■ **Task prompt**
Shown below are entries with pictures; the line with "370・FSB 133MHzの最安値推移 |" through the line with "Планировка коттеджа предусматривает" is the span to retype exactly, and the pictures stay out.

----- Task inputs

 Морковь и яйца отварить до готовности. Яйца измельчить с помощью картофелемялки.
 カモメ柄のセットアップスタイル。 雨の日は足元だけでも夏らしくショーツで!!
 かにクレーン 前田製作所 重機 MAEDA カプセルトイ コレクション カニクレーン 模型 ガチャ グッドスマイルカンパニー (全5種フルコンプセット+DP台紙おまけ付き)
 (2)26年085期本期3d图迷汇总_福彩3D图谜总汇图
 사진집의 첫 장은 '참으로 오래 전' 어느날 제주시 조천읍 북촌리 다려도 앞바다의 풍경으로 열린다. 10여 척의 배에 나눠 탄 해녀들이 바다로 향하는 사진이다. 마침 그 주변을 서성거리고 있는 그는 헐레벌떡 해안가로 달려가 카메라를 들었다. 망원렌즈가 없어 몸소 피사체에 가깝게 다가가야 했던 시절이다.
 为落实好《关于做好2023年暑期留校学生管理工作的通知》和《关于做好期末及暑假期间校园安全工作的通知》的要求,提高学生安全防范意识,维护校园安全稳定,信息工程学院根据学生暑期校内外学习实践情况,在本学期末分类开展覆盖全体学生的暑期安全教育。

----------
----- Task inputs

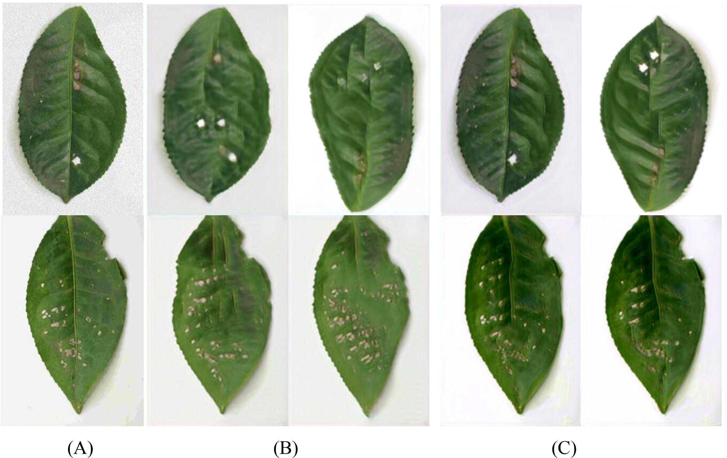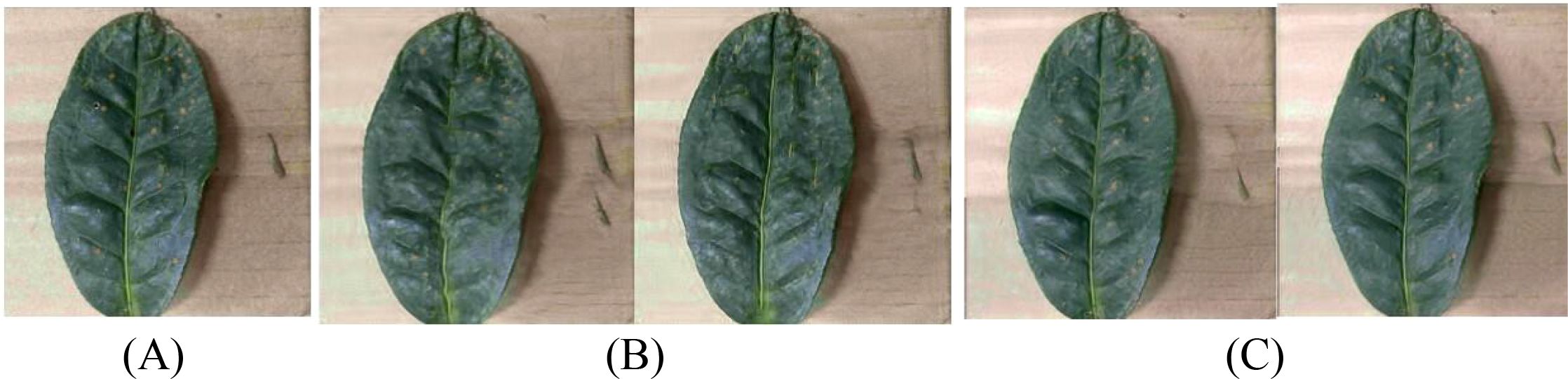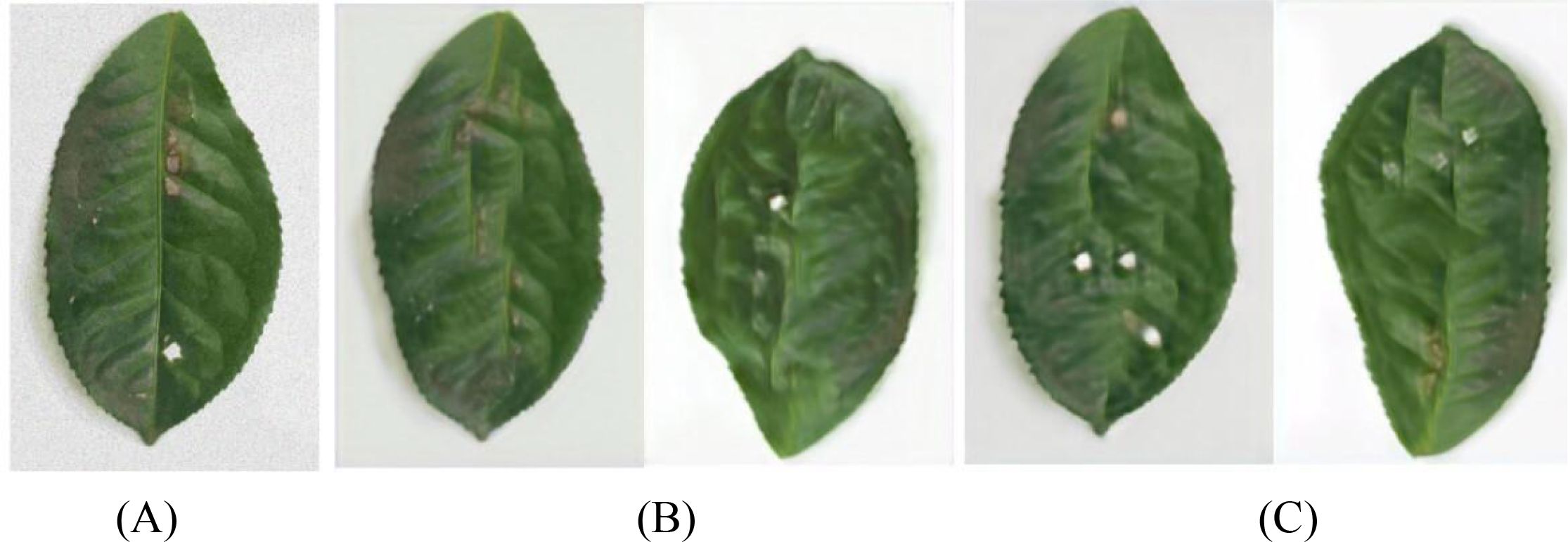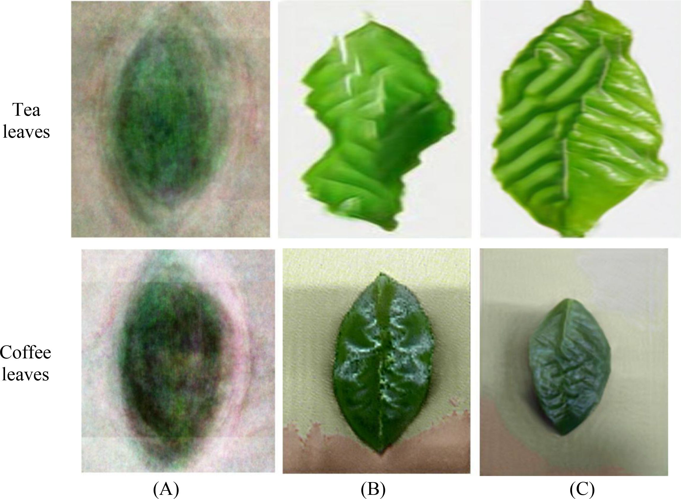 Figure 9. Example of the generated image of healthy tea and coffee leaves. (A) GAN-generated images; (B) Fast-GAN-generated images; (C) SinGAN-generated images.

----------
----- Task inputs

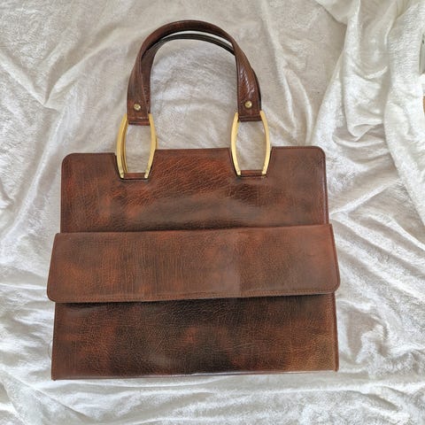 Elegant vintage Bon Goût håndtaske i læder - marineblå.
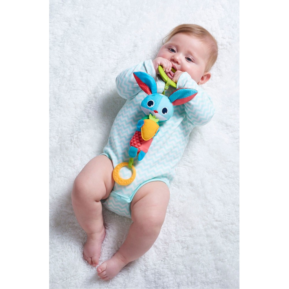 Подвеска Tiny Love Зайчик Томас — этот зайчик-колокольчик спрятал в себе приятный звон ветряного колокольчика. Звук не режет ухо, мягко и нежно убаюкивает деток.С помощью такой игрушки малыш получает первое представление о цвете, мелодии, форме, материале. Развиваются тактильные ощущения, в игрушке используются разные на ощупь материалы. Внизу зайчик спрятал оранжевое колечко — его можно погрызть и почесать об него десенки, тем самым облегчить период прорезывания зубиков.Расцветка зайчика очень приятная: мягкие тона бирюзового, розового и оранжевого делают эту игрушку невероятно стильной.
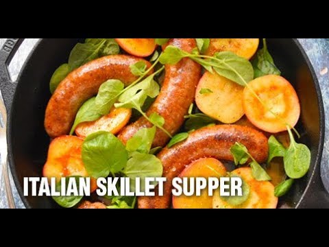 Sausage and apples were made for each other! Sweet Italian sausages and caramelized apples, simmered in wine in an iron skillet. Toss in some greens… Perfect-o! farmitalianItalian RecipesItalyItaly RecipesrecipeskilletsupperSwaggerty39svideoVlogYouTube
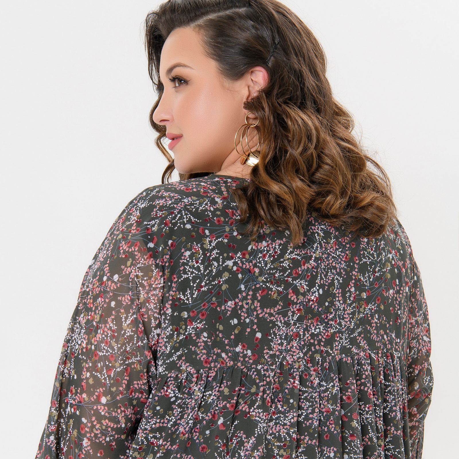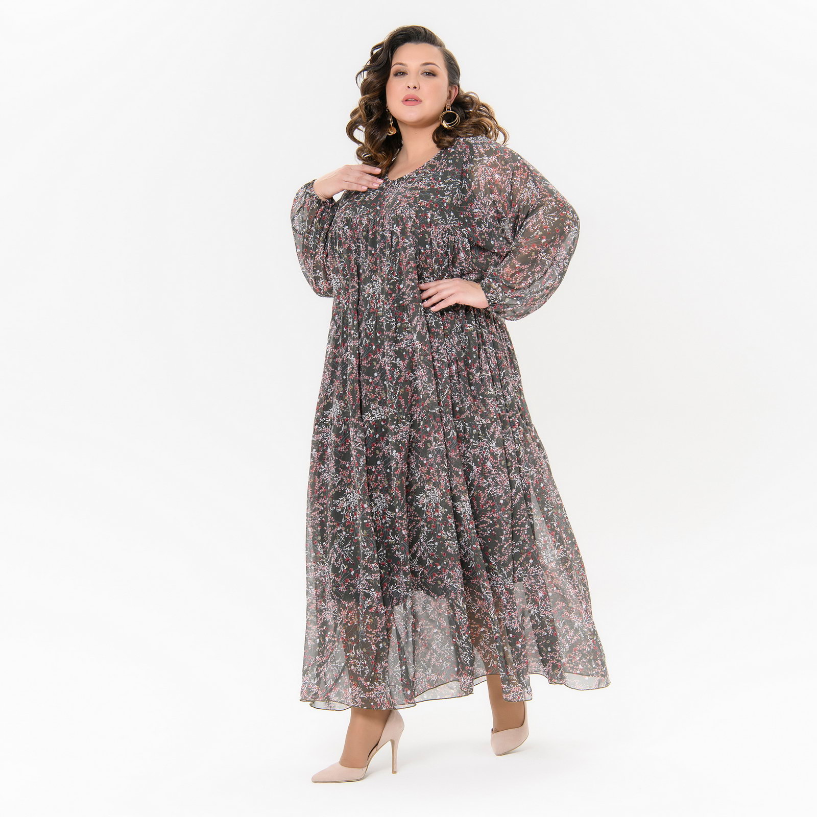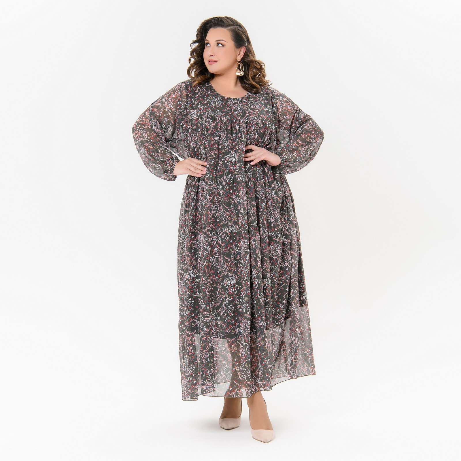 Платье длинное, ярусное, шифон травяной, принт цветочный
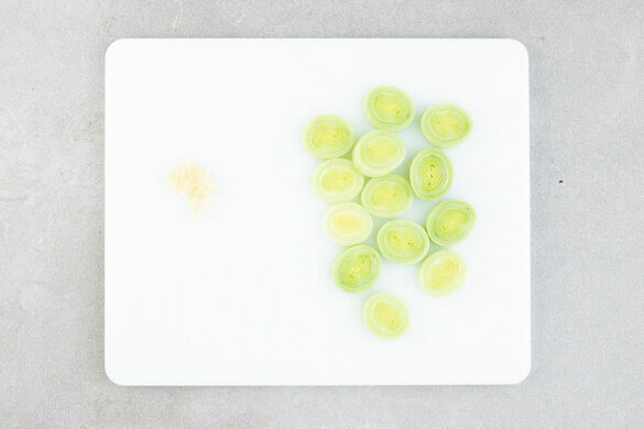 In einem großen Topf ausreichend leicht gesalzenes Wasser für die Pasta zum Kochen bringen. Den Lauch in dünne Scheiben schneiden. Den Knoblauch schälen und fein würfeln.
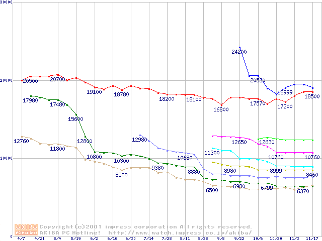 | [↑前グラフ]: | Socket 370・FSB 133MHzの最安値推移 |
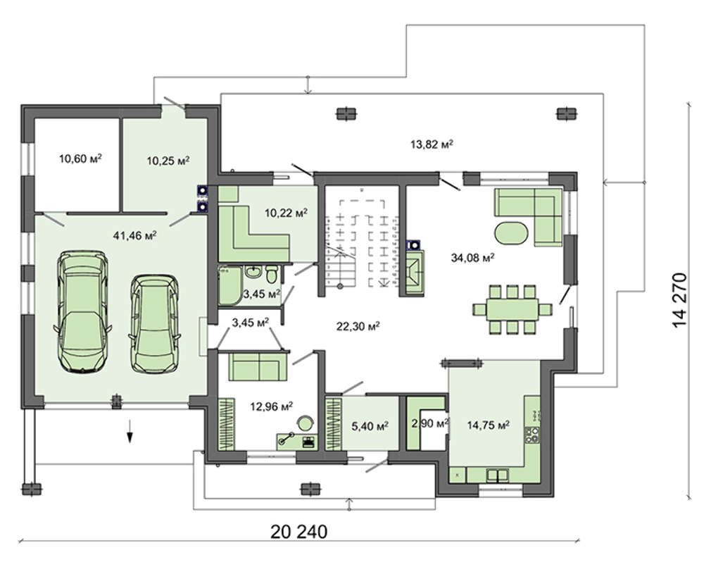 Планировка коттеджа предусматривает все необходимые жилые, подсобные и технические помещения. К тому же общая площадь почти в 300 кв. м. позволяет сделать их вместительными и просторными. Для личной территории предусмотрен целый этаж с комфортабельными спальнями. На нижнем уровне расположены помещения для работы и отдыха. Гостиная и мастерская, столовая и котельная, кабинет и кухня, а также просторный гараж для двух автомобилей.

----------

■ **Solution to the exercise**
 | [↑前グラフ]: | Socket 370・FSB 133MHzの最安値推移 |
 Планировка коттеджа предусматривает все необходимые жилые, подсобные и технические помещения. К тому же общая площадь почти в 300 кв. м. позволяет сделать их вместительными и просторными. Для личной территории предусмотрен целый этаж с комфортабельными спальнями. На нижнем уровне расположены помещения для работы и отдыха. Гостиная и мастерская, столовая и котельная, кабинет и кухня, а также просторный гараж для двух автомобилей.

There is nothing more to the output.